As to the author's problem? I imagine it might have some deep seated cause related to the above, but that keeps getting translated to abstract disdain for the concept. Which is tragic.

I imagine it has something to do with the 'new' functional movement that is gaining mind-share outside of academia.
Well, even if you prefer classes, you've now got to reason about prototypes and classes, and possible mixtures of both.
ES6 classes are nothing more than syntactic sugar for the existing prototypical inheritance model.
Multiple equivalent syntaxes (syntaces?) still adds a cognitive load.
Classes adds complexity and reduces composability. With OO you end up with a soup of inheritence and patterns. Functions are way easier to compose and reason about.
>Classes adds complexity and reduces composability.

I could easily argue the opposite. Classes reduce complexity, and increase composability. Classes allow you to group methods in a cohesive manner into a single entity. For example, a class named Queue, List, or Vector would imply to the programmer what it does without them reading any code at all.

>With OO you end up with a soup of inheritence and patterns.

Just because programmers don't make clean code, doesn't mean the whole idea is somehow lesser then just using functions. Having a hodge-podge of 2000 line functions in one massive file is just as evil as "dirty" OOP code. At least classes encourage you to group your functions in some hopefully sane manner.

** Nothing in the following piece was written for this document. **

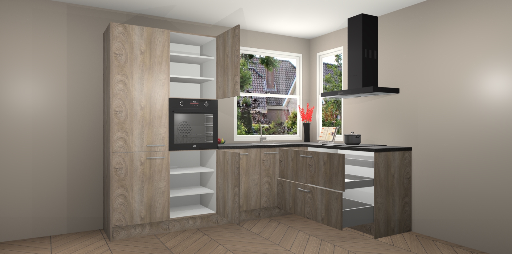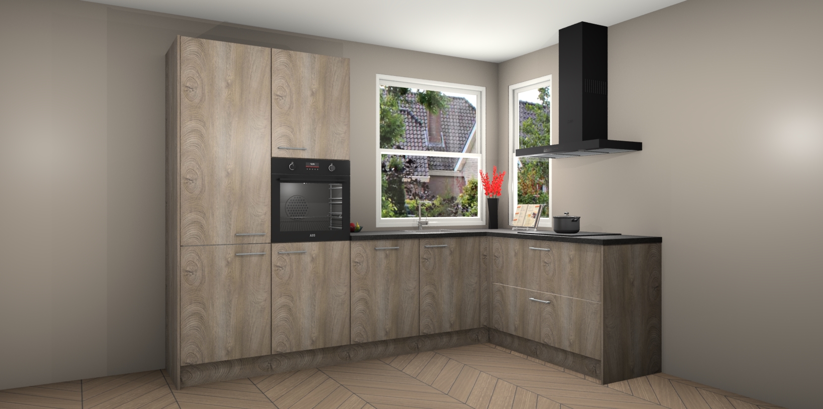 Elke Cantaro Eiken keuken Kotor wordt compleet geleverd met vijf inbouwapparaten, waaronder een oven, inductiekookplaat, afzuigkap, vaatwasser en koelkast. Sterker nog - indien gewenst kunt u deze apparaten na bestelling eenvoudig upgraden naar AEG! Extra functies zijn onder andere soft close deuren voor extra gemak, en elke kast wordt voor gemonteerd geleverd zodat u sneller van uw nieuwe keuken kunt genieten.

>Functions are way easier to compose and reason about.

Functions are easy to compose and reason about, however, that does not mean that classes and OOP are not as easy. Each have their own clear costs/benefits. OOP, and procedural programming, should both be in a programmers toolbox.f

(article author here) I very much agree with this point of view. The most important concern is a developer who thinks and writes clearly, irrespective of style or programming paradigm.

That said, I find FP easier to reason about and comprehend, but that is just one man's opinion. I also find it more fun.

The "bad bet" I was referring to was that you can make JS impersonate Java. That strikes me as a losing proposition. Sugaring up prototype inheritance to look like class-based inheritance just muddies the water.

They don't necessarily introduce complexity. Its a case of using thing s in the appropriate place. I use Python Django. Class based inheritance is useful, though it probably not overdone like it is in the Java world. I also use functions - I find these tend to be better for smaller units of computation and classes for overall organization.
You might be interested in trying Go's OO out, which privileges composition above inheritance. It's not often talked about on HN under the low-signal furor about generics, but it is a case of a small change that has a surprisingly profound effect on the language. I am becoming convinced that the current backlash against OO should really be against inheritance, not OO. Inheritance is a thing that is occasionally useful and often painful; composition is occasionally painful and often useful. The latter should be the syntactically-privileged default.
By Go's OO you mean the interface-driven mechanics? I think those are quite nice.
No, the composition aspects. Go privileges composition over inheritance syntactically, which has a surprisingly large affect on the whole. Interfaces end up extending it in other interesting ways, but that's a different aspect.

The whole is still an imperative language in the end, but I've found that while it may not encourage composition and separation of concerns as much as I'd like, it fights me less than some other imperative languages.